What kind of conversations did you have with Paul Rudnick regarding what he wanted to explore about what it’s like to be an out actor in Hollywood?

So much of it was there to begin with. It was really about mining the piece for my own experiences, while at the same time honoring the character and never getting too caricatured by way of this person who is slightly different than myself in terms of how he presents himself. But what I find so special and exciting about all these monologues is they start by giving you an impression of a person. And you really need to watch and learn and listen in order to get those layers peeled back and actually understand why this person is standing in front of you talking. For Mark, there’s some humor off the top. He’s having this huge life conundrum. The funny reveal—“Here’s my problem: I’m an actor”—plays into the preconceptions of coastal elitism, and it’s not until you actually sit with him and listen to why he’s panicked and why he’s anxious and why he cares so much, that you realize, Oh, there’s so much more at play here than I had originally thought.
 

Each of the monologues is built around a breaking point for the characters. Have you had a moment like that recently?

I think for me, particularly just with everything that’s happened since the beginning of the pandemic, with the Black Lives Matter movement and really realizing what is at stake here in a truly fundamental way… I’ve really tried to stop thinking about myself, because I’m fine. And there is a lot that is not fine out there.

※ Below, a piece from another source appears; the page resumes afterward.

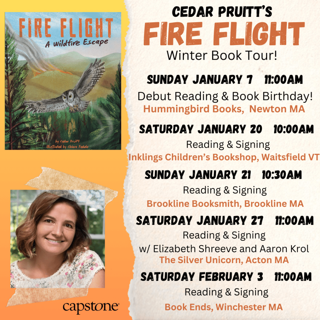 About Cedar Pruitt: Cedar Pruitt is the author of the children’s books FIRE FLIGHT: A Wildfire Escape, about an owl’s real-life surprise ride in a firefighting helicopter, and the forthcoming WHAT MARCEL FOUND: The Incredible Discovery of the Lascaux Cave Paintings, illustrated by David Litchfield and releasing in 2026. Cedar Pruitt holds an Ed.M. from Harvard University and works as a consultant in the culture and leadership of Diversity, Equity, and Inclusion. She lives outside of Boston, Massachusetts with her family.

I’ve really tried to change the impulse of, like, worrying about myself and harness that into something more constructive, whether it’s educating myself, re-educating myself, finding ways of being more active in terms of effecting more positive change. That has been the big thing that I’ve taken from all of this. Aside from, in the early days, just trying to cook, which went terribly.

As the show was originally conceived, it’s likely only people like Bette Midler’s character, Miriam, would have seen Coastal Elites—people with a subscription to the Public Theater. But on HBO, it has the potential to reach a much wider audience. What do you hope people who aren’t “coastal elites” will get out of the show?

Whenever I read something that kind of doesn’t sit well with me, the impulse is to write it off. But more and more I’ve realized I have a need to try and find out why before making a judgement call on people’s beliefs. Why are people acting the way they are? What is it about their circumstance? What is it about their financial background? What is it about their personal and professional standing that is making them think, act, say things that I might not agree with? I think answering that why-question is so important because it contextualizes and allows us to understand, even if we don’t agree, that there are far more substantial and profound reasons behind people’s ideologies than just having a bad take on something.

I know that, obviously, Coastal Elites will attract a certain type of person who is just generally curious. But I do hope that the other side sits down and watches this, because I do think that it answers a lot of the whys from people who might look at the coasts and reduce those people to the term “coastal elites.” Instead, they get an opportunity to see where these perspectives are coming from and why. I hope that it does reach a wide array of people so that the conversation can be had at the very least.

Coastal Elites premieres this Saturday, September 12 on HBO.

John Russell is a New York-based entertainment and lifestyle journalist. He has been called “the Courtney Love throwing Chanel compacts at Madonna and Kurt Loder” of his generation.